AIM OF THE EXERCISE: Output only the lines below from the one holding "By reviewing the" down to the one holding "次の条件ビルダーに示す例では、数値フィールドの降順で設定しています。", both end lines included and every picture dropped.

Dataset entries
────────
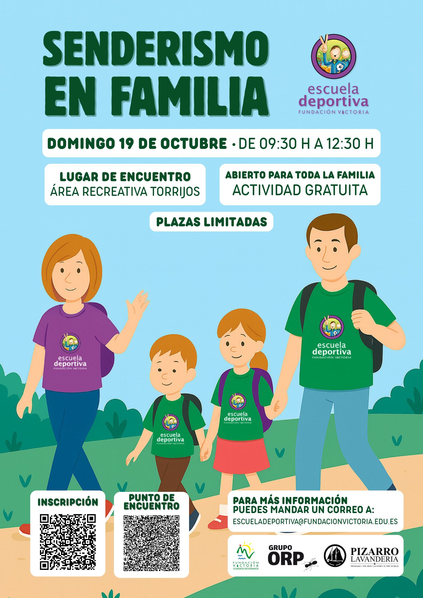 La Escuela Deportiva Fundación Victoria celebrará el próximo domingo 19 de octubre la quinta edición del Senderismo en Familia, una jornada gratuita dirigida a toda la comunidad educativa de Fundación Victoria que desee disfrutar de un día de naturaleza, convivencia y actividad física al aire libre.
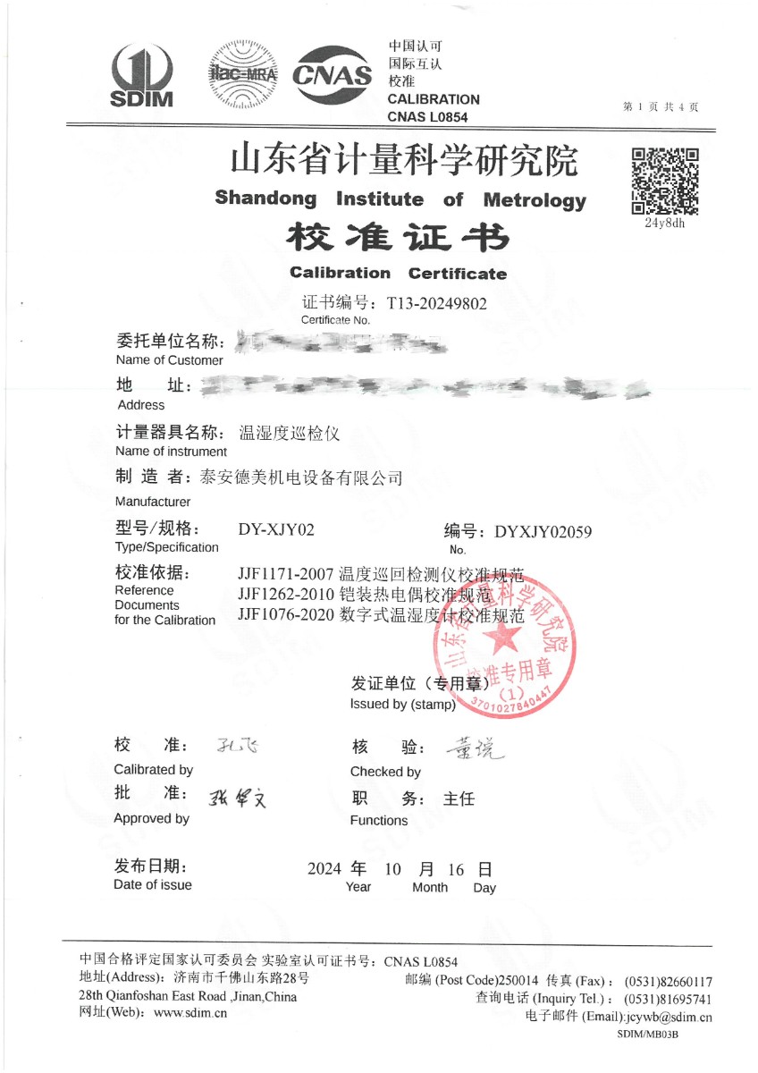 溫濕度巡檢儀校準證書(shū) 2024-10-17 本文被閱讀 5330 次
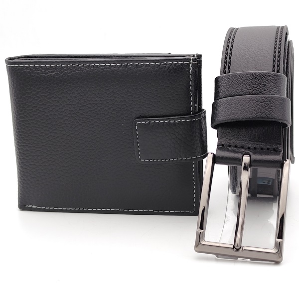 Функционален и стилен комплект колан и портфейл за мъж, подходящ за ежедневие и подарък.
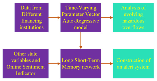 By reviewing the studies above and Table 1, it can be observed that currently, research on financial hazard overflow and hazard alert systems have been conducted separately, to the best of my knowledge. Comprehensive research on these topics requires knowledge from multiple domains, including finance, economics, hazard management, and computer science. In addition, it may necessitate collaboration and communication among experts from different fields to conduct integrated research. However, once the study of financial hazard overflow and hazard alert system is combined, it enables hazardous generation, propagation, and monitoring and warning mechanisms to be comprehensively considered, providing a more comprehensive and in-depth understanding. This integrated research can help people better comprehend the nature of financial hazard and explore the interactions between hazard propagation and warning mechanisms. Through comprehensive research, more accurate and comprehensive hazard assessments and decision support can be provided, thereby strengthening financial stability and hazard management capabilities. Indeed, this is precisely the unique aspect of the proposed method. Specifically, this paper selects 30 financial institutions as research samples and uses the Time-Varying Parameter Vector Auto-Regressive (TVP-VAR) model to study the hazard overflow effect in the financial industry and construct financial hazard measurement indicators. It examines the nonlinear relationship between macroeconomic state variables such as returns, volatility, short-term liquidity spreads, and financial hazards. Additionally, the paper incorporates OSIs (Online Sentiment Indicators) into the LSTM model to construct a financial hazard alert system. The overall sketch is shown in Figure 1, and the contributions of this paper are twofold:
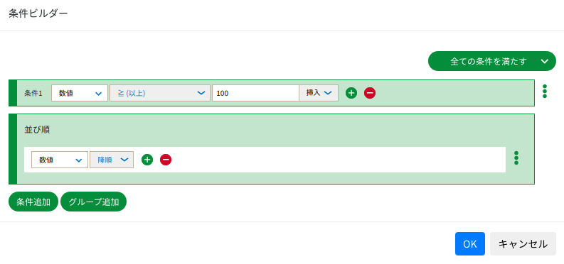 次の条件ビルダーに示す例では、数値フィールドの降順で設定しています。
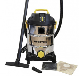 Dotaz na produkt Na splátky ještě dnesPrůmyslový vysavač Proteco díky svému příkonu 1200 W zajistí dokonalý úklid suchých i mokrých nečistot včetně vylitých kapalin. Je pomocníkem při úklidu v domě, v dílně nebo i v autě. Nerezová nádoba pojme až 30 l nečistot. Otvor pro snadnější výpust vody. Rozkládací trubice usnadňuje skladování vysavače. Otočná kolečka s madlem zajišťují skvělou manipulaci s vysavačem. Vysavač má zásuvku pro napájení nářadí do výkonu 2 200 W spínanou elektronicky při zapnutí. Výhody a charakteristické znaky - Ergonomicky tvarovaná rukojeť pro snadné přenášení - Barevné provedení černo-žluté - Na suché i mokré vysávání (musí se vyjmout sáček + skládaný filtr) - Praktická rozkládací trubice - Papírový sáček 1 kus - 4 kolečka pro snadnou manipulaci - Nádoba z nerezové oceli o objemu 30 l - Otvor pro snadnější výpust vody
────────
RESULT FOR THIS EXERCISE:
 By reviewing the studies above and Table 1, it can be observed that currently, research on financial hazard overflow and hazard alert systems have been conducted separately, to the best of my knowledge. Comprehensive research on these topics requires knowledge from multiple domains, including finance, economics, hazard management, and computer science. In addition, it may necessitate collaboration and communication among experts from different fields to conduct integrated research. However, once the study of financial hazard overflow and hazard alert system is combined, it enables hazardous generation, propagation, and monitoring and warning mechanisms to be comprehensively considered, providing a more comprehensive and in-depth understanding. This integrated research can help people better comprehend the nature of financial hazard and explore the interactions between hazard propagation and warning mechanisms. Through comprehensive research, more accurate and comprehensive hazard assessments and decision support can be provided, thereby strengthening financial stability and hazard management capabilities. Indeed, this is precisely the unique aspect of the proposed method. Specifically, this paper selects 30 financial institutions as research samples and uses the Time-Varying Parameter Vector Auto-Regressive (TVP-VAR) model to study the hazard overflow effect in the financial industry and construct financial hazard measurement indicators. It examines the nonlinear relationship between macroeconomic state variables such as returns, volatility, short-term liquidity spreads, and financial hazards. Additionally, the paper incorporates OSIs (Online Sentiment Indicators) into the LSTM model to construct a financial hazard alert system. The overall sketch is shown in Figure 1, and the contributions of this paper are twofold:
 次の条件ビルダーに示す例では、数値フィールドの降順で設定しています。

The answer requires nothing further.